The photo brought theorists — like Strominger — together with observers like Michael Johnson, first author on the EHT team’s recent study published in Science Advances and an astrophysicist with the Black Hole Initiative. “It’s an example of how a new result can prompt these unexpected, new collaborations,” Johnson said.
Together, the interdisciplinary team discovered the doughnut is not just one doughnut but a collection of sub-rings of light bending in thinner loops the closer they get to the black hole’s event horizon — a boundary around the hole, which is the point of no return where matter and even light disappear to no one knows where. Right outside that is what the team calls the photon shell. “In that region,” Lupsasca said, “gravity is not strong enough to capture the light rays forever, but it’s strong enough to deflect them so much that they go around in circles.” Nothing can bend light like a black hole.
“[Black holes are] paradoxical objects. They’re the epitome of what we don’t understand.”
— Andrew Strominger
As Strominger feared, an image of just one of those rings gives information about the inferno outside
The rings also betray how the black hole warps space-time. Their individual brightness, thickness, and shape depend on the monster’s manipulation of its surrounding geography. In reality, the rings are far from perfect circles — like a bug caught in the gravitational pull of a drain, each one weaves a warped path around the black hole’s bizarre landscape.
Here’s where things get stranger: A black hole hoards images of the past. Light is composed of photons, and each one carries a bit of the image of whatever it hits. So when you see a tree the light hits the tree, bounces to your eye, and your brain eventually pulls it all together like a mosaic. Light stuck in a black hole’s gravitational pull can loop once, twice, or an infinite number of times, depending on its angle of approach, Lupsasca said. Those that finally escape in the direction of Earth carry a reflection of what the universe looked like when they entered the black hole’s pull. The longer light was held captive, the earlier in the past their image shows.
“As we peer into these rings, first, second, third, etc., we are looking at light from all over the visible universe; we are seeing farther and farther into the past, a movie, so to speak, of the history of the visible universe,” said Peter Galison, the Joseph Pellegrino University Professor of the History of Science and of Physics, in the Black Hole Initiative’s press release.
Peter Galison of the Black Hole Initiative.
Rose Lincoln/Harvard file photo
To capture the original image of M87’s black hole, the EHT crew needed a telescope the size of the Earth.

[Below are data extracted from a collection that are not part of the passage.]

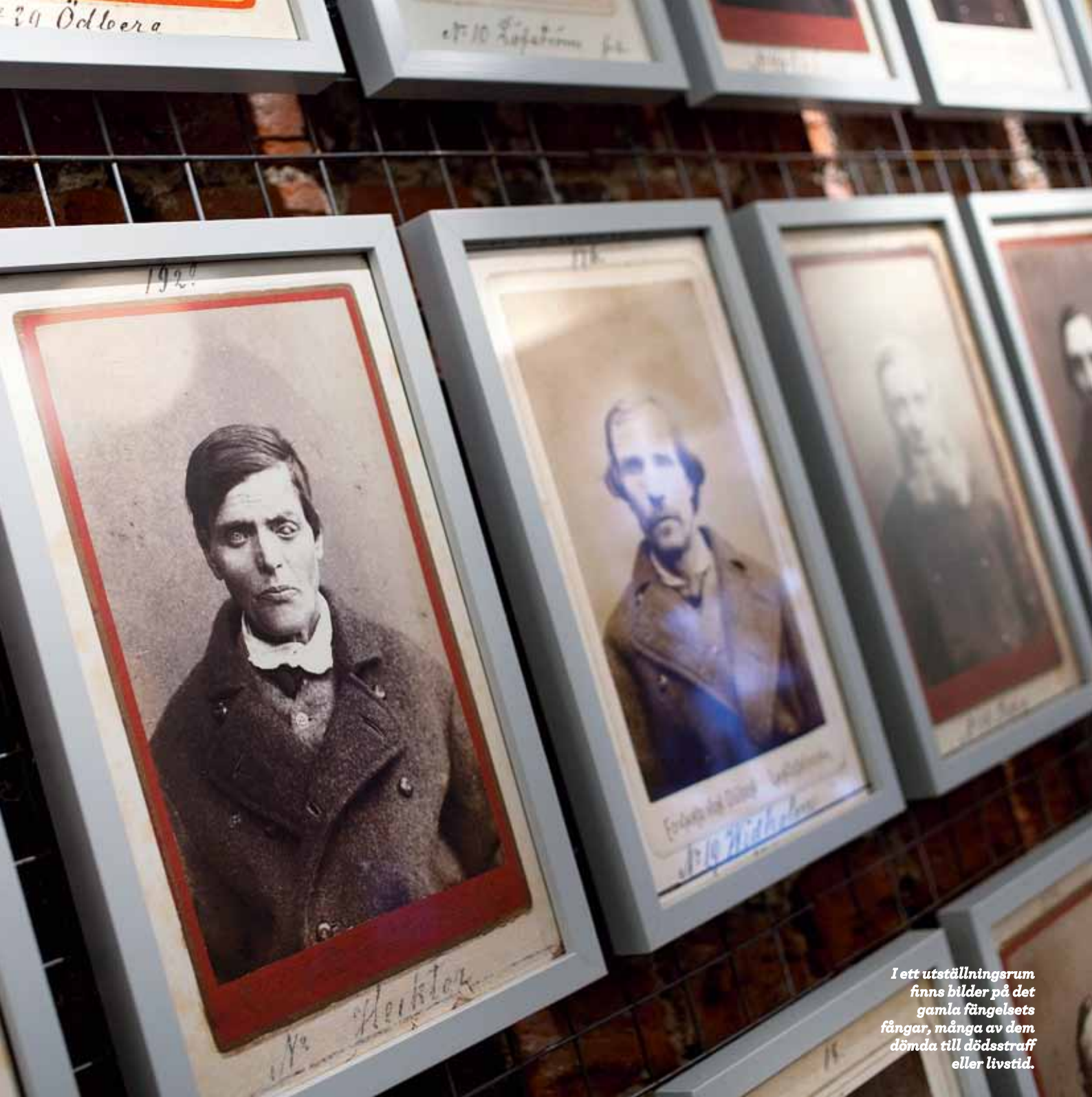
I ett utställningsrum finns bilder på det gamla fängelsets fångar, många av dem dömda till dödsstraff eller livstid.

är spännande att få levandegöra det som är svenska folkets egendom, för att människor ska förstå sin historia. Landskrona är dessutom en stad som inte haft det så lätt under de senaste decennierna. Citadellet är något som landskronaborna kan vara stolta över och som ger turistintäkter.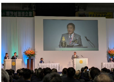
大高ガバナー挨拶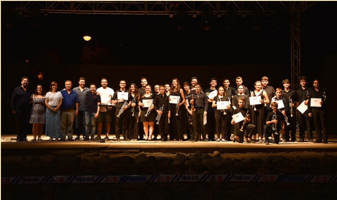
1 de agosto de 2019 en el Parque Barranc de la Font. Los alumnos, profesores y autoridades en la clausura del Festival.

FESTIVAL INTERNACIONAL DE TROMPETA CIUTAT DE XIXONA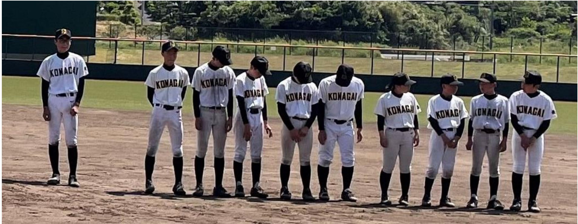
準優勝の小長井中学校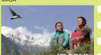
A Seed of Hope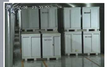
固体廃棄物貯蔵庫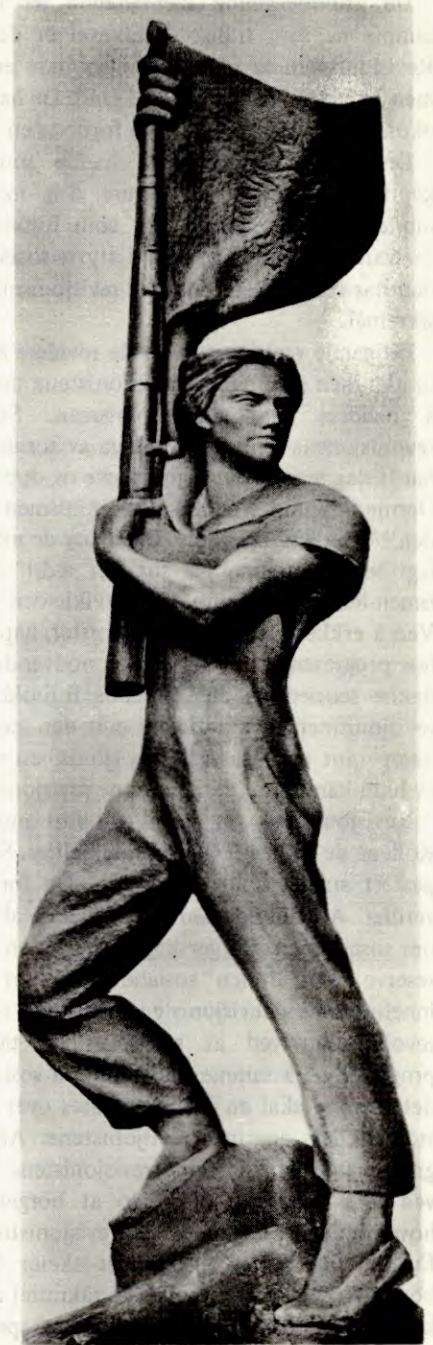
Styrk den revolusjonære gløden!

Dette er nettopp hva som hendte i Sovjetunionen. Klassekampen på det ideologiske området blei forsømt. Dette førte til degenerasjon innenfor partiet og statsapparatet. Det oppsto et byråkratisk skikt som skilte seg fra folket. Dermed kunne revisjonismen utvikle seg lettere. Da Krustsjov kom til makta satte man i gang arbeidet med å revidere marxismen i Sovjet og erstatte den med borgerlige teorier som passet de herskende byråkratenes formål. Slik blei det lagt til rette for omdanninga av hele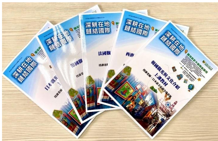
圖/歐亞語文學院觀光文化導覽 USR Hub 社區商家外語課程精進計畫教材

此外，歐亞語文學院完成鹽埕區觀光導覽影片拍攝及摺頁文宣設計，將以 7 種外語呈現（法語、德語、西班牙語、日語、泰語、越語、印尼語），電影短片將於市政府觀光局或捷運上播放宣傳。（影片連結： http://gofile.me/6UdFP/xM00LnHtp ）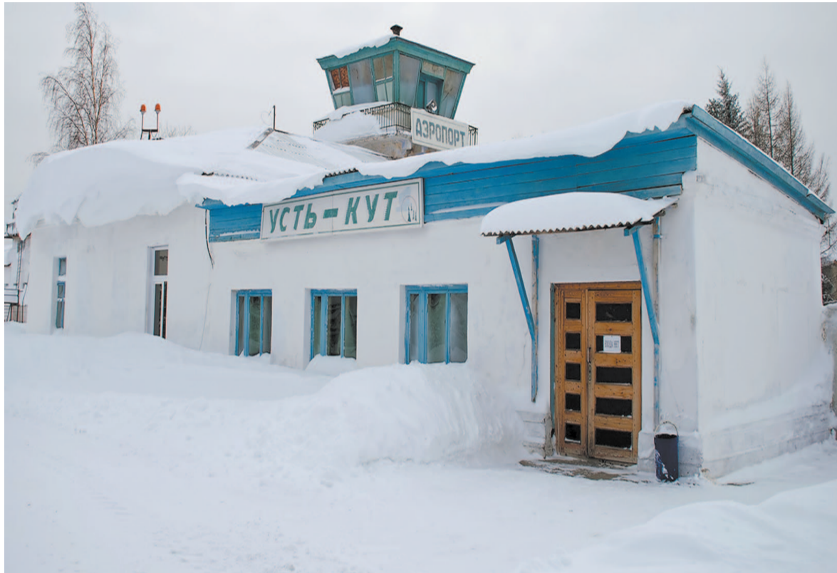
Аэропорт «Усть-Кут» ожидает реконструкции.

Согласно достигнутым договоренностям в течение трех лет «Авиакомпания «ЮТэйр» выделит на ремонт аэропорта Усть-Кут 100 млн рублей. Его пассажиропоток ежегодно растет. В 2023 году, по прогнозу, составит более 100 тысяч пассажиров. Это на 25 процентов больше, чем в 2022 году. В настоящее время из аэропорта Усть-Кут в среднем в день совершается четыре рейса. Между тем зал ожидания аэропорта рассчитан на комфортное пребывание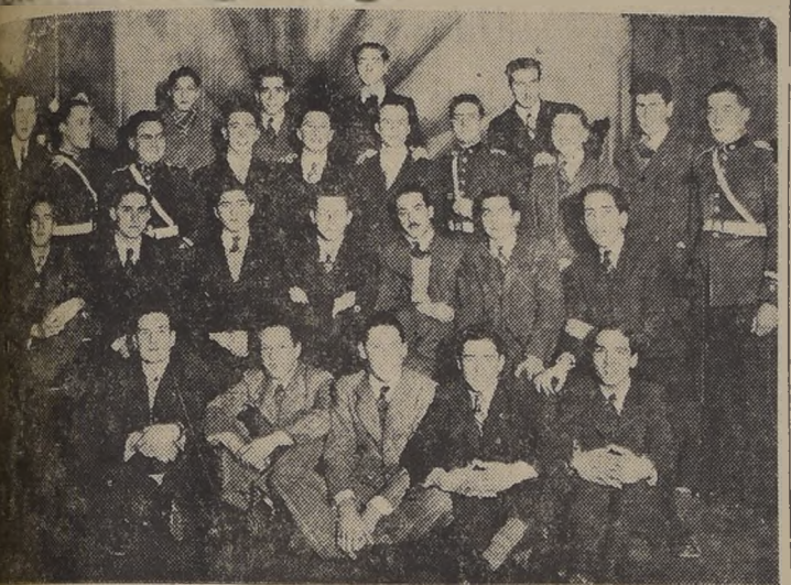
Recepción ofrecida en los salones del Tong-Fang, por los alumnos egresados del 6.º año del Instituto Nacional del curso de 1939.

ANTHONY'S CHURCH. 18th Sunday after Trinity. Holy Communion.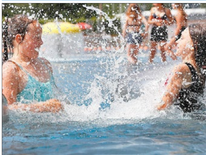
Badespaß im Freibad „Einsiedel“.

Mit ein bisschen Verspätung hat nun auch die Freibadsaison im Freibad „Einsiedel“ begonnen. Grund für die leichte Verzögerung war der Defekt der Pumpe, die das Quellwasser ins Freibad pumpt. Sie wurde jedoch zum Glück kurzfristig vom Unternehmen Pumpentechnik Ansorg geliefert und vom Unternehmen Matthias Langenhan Haustechnik ersetzt und neu angeschlossen, so dass der Badespaß nun starten konnte.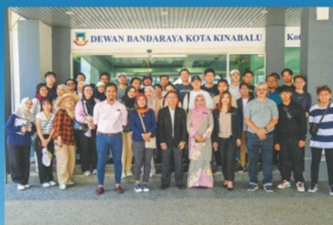
▲ 18 April 2024: Lawatan Sambil Belajar Pusat Pengajian Perumahan, Bangunan dan Perancangan, Universiti Sains Malaysia (USM).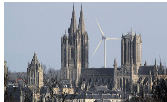
Vue d'une éolienne à 3km d'une cathédrale (Coutances- Manche)

Je suis titulaire de deux masters, le premier en contrôle organisationnel et le second en management public obtenus à l'Université de Lorraine et à l'Université de Strasbourg. J'occupe actuellement un poste au Ministère de la Transition écologique au sein d'une Direction départementale des territoires. Mes missions se concentrent sur l'application du droit des sols mais également le développement des énergies renouvelables.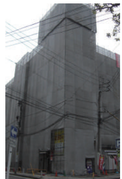
神奈川県横浜市中区 立体駐車場 7階建 大規模修繕工事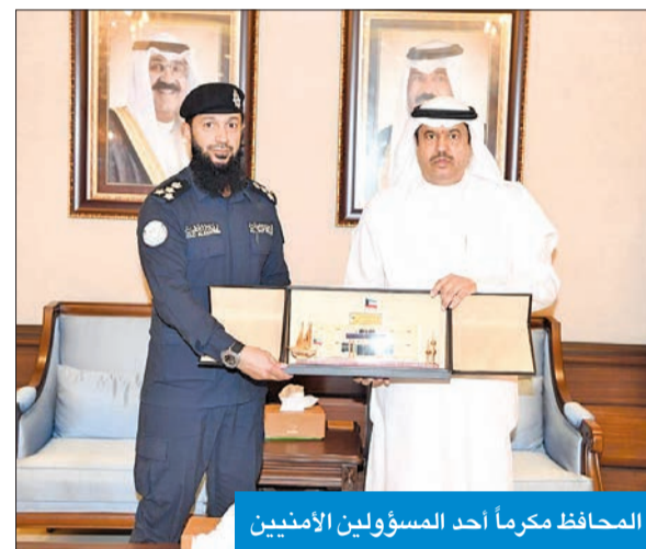
المحافظ مكرماً أحد المسؤولين الأمنيين

أكد محافظ حولي علي الأصغر أن مكافحة الآفة المخدرات تعتبر واجباً وطنياً على كل محب لهذا الوطن، مشيراً إلى أضرارها الكبيرة على عقول الشباب، والتي تؤثر سلباً على أسرهم.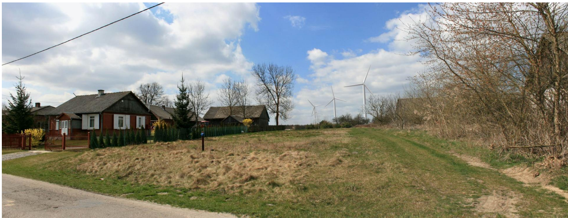
Fot. 2. Przykładowa wizualizacja farmy wiatrowej.

Since they couldn’t build an instrument that big, they created a virtual one, connecting multiple radio telescopes from across the world to provide different pieces of the black hole puzzle.
Normally, said Johnson, this form of observation — called interferometry — requires more than two telescopes. But the black hole’s rings have a special property: They encode their properties in a distinctive oscillating signature. Because of that signature, Johnson said, “You can tell everything you need to know about the ring with just two telescopes.”
The Black Hole Initiative already has one — the virtual Earth-sized telescope they used to see the first ring. For the second, they only need a longer baseline between the two — one in orbit or on the moon would work. The longer baseline could improve the resolution of the original photo by a factor of 100, Johnson said.
This year, the COVID-19 pandemic prevented the EHT from capturing a new image of the M87 black hole. April is the only month when the weather is clear enough across the world for each telescope to obtain a clean shot. “That’s been heartbreaking,” said Johnson.
Still, the team is hopeful they’ll capture higher-resolution images of two sub-rings in about 10 to 20 years — a short time, considering the first image of a black hole is only one year old.